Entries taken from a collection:
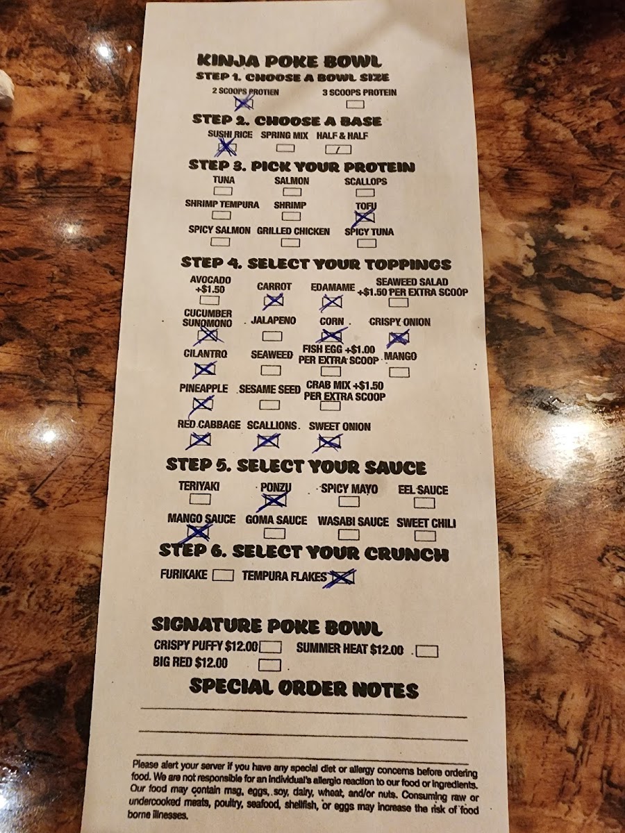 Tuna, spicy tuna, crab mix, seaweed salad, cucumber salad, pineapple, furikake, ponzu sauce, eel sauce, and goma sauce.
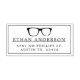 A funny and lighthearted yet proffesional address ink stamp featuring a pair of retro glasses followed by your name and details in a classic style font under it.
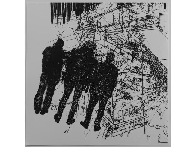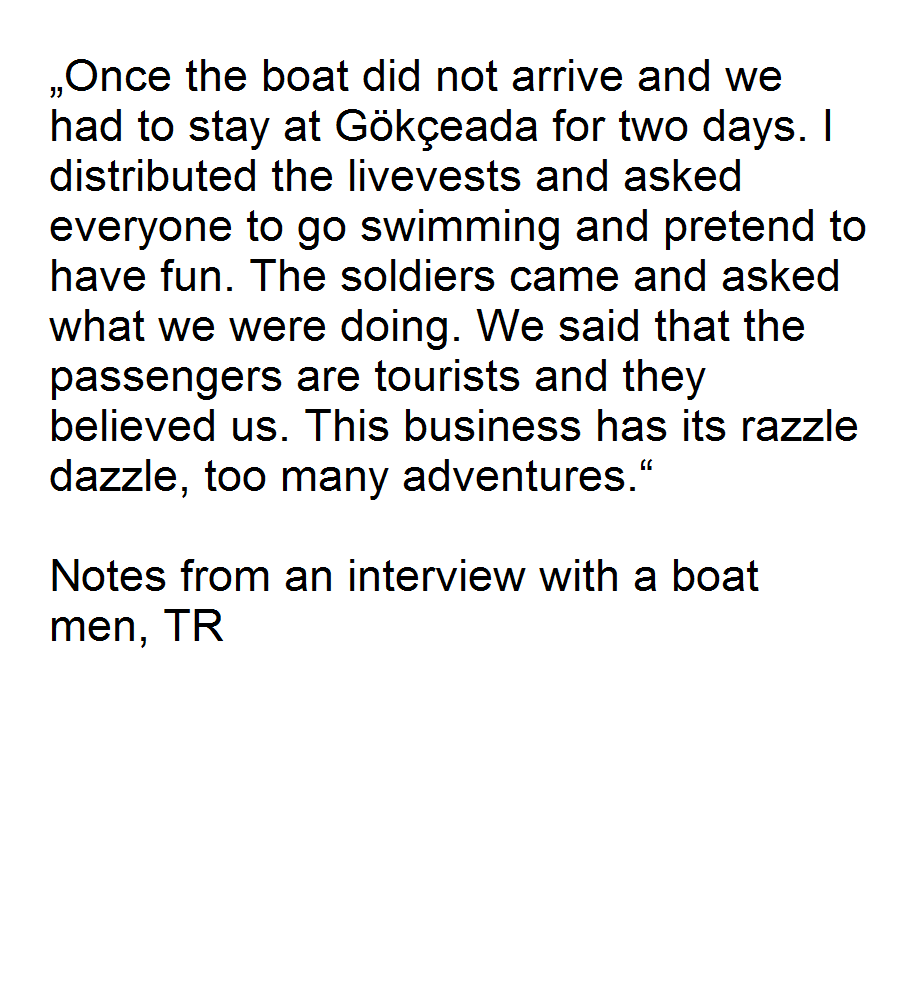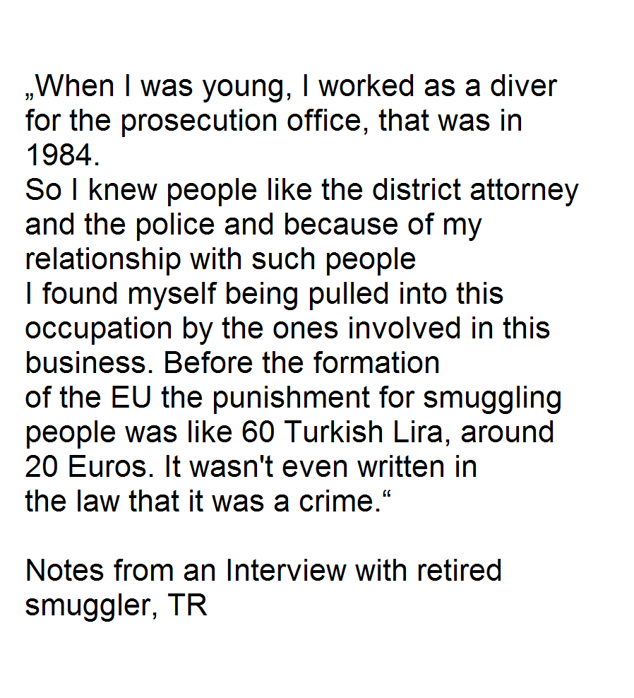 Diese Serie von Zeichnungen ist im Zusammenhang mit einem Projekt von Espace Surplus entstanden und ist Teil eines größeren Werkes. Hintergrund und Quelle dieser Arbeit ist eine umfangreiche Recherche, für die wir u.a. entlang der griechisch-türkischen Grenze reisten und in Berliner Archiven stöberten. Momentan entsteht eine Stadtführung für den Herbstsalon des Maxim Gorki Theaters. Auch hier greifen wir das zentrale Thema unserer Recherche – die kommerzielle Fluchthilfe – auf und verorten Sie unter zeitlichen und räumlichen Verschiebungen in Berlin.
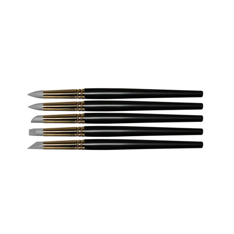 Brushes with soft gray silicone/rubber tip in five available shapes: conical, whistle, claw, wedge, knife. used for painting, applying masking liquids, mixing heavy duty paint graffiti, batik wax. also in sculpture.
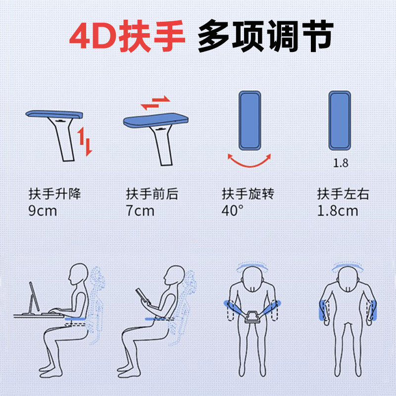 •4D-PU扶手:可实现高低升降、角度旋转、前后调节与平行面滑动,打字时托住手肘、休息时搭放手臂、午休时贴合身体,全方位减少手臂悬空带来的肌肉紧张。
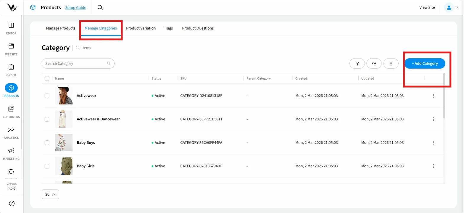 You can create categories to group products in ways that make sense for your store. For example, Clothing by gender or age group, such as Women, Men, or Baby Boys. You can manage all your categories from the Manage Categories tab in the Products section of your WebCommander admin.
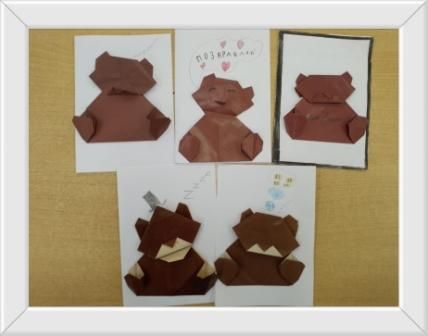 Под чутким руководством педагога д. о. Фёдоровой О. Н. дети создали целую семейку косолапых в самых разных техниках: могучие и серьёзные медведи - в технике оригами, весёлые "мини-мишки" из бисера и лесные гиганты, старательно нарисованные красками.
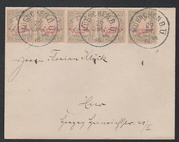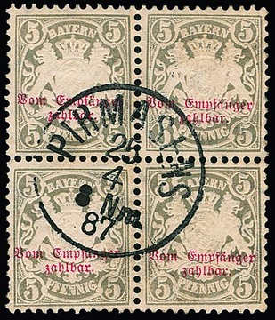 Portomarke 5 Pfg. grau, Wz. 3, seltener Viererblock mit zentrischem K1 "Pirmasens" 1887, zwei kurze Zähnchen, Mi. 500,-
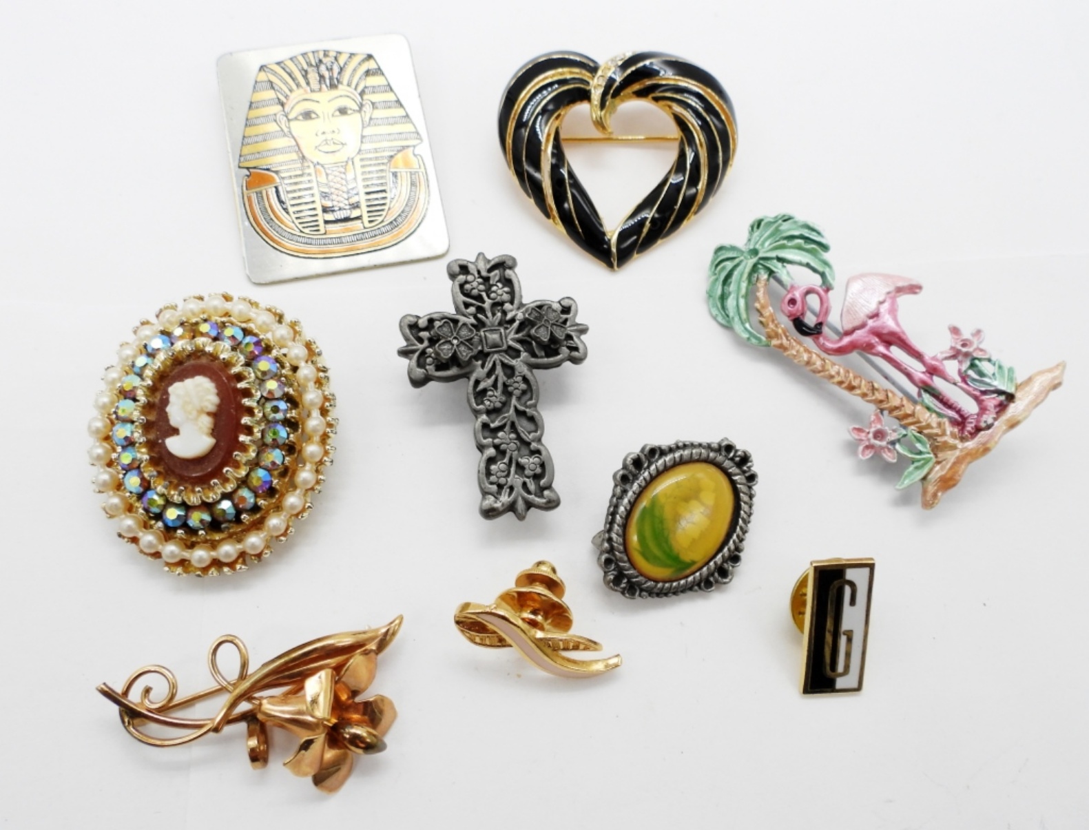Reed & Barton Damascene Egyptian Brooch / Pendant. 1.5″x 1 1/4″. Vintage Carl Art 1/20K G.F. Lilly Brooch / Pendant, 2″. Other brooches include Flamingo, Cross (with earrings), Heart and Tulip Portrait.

### REQUIREMENT
Only the lines from where the data begins to the line with "Diese Serie von", both of them included, should be reproduced word for word; no pictures.

### RESPONSE AREA
 Tuna, spicy tuna, crab mix, seaweed salad, cucumber salad, pineapple, furikake, ponzu sauce, eel sauce, and goma sauce.
 A funny and lighthearted yet proffesional address ink stamp featuring a pair of retro glasses followed by your name and details in a classic style font under it.
 Diese Serie von Zeichnungen ist im Zusammenhang mit einem Projekt von Espace Surplus entstanden und ist Teil eines größeren Werkes. Hintergrund und Quelle dieser Arbeit ist eine umfangreiche Recherche, für die wir u.a. entlang der griechisch-türkischen Grenze reisten und in Berliner Archiven stöberten. Momentan entsteht eine Stadtführung für den Herbstsalon des Maxim Gorki Theaters. Auch hier greifen wir das zentrale Thema unserer Recherche – die kommerzielle Fluchthilfe – auf und verorten Sie unter zeitlichen und räumlichen Verschiebungen in Berlin.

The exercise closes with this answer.